▶ [Work item]: Both the line containing "而在用车成本部分,我们暂且按" and the line containing "1. 다진 고기류는 누린내를" belong to the span. Output exactly that span from the listing below, and nothing outside it.

##### Working data

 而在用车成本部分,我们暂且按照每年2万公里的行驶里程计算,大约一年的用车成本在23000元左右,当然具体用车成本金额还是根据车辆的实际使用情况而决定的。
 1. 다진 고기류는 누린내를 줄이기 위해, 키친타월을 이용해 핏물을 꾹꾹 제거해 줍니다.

##########
##### Working data

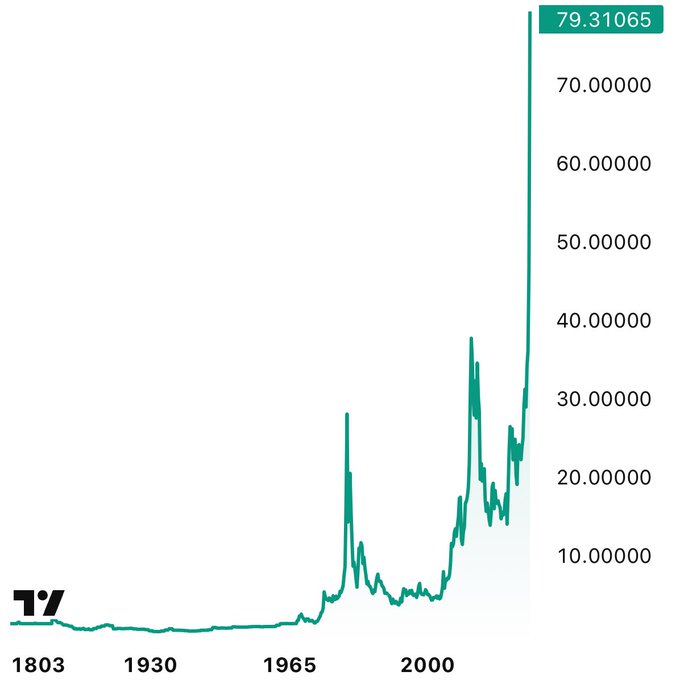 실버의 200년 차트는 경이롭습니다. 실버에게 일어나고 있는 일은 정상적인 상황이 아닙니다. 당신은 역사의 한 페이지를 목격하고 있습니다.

##########

▶ [Solution below]:
 而在用车成本部分,我们暂且按照每年2万公里的行驶里程计算,大约一年的用车成本在23000元左右,当然具体用车成本金额还是根据车辆的实际使用情况而决定的。
 1. 다진 고기류는 누린내를 줄이기 위해, 키친타월을 이용해 핏물을 꾹꾹 제거해 줍니다.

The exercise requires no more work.